En una taberna cercana, aprovechando un descanso del tambor, el sargento me invitó a un vaso de tinto peleón. Lo recuerdo ahora como un valentón bragado, de greguescos un tanto raídos, con bigotes de puntas erizadas como ganchos.

Ya con el calor del vino, me atreví a preguntarle:

—¿Desde cuándo sentáis plaza, señor Caldeira?

—Ya va para diez años.

—¿Y qué os empujó a ello?

—Curioso eres, mamoncillo, pero me caes bien porque me recuerdas al que yo era en otro tiempo.

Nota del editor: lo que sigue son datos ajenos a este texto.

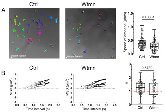 2.1. Kinetic Parameters of E. histolytica Motility in the Presence of Wortmannin

Cuando empecé de soldado.

Caldeira pidió más vino y continuó.

—Verás. Yo con tu edad era muy jaque y ya sabía manejar un poco la toledana. Me enseñó mi padre, que embarcó en la Gran Armada y debió de morir en las costas de Irlanda, ahogado o a manos de los malditos ingleses. Nunca más supe de él... Pero a lo que voy... Tuve una pelea con un soldado portugués, siendo yo entonces mozo que no aguantaba insultos. En la disputa metimos mano a las espadas. Mi suerte fue mejor y le asesté una estocada morcillera en la tripa que le dejó las asaduras colgando y doblado en tierra, sangrando como un cerdo en San Martín. Eso fue allá por tierras de Ponferrada. Escapé gracias a la ayuda de un criado del duque de Santonja, amigo mío, que me permitió compartir su jergón y trabajar de pinche en la cocina del palacio que su señor tenía en tierras leonesas. El duque estaba esos días ausente y, cuando llegó, quiso saber de mis andanzas. Preferí poner tierra de por medio para no responder a preguntas peligrosas de cómo me había instalado en su palacio.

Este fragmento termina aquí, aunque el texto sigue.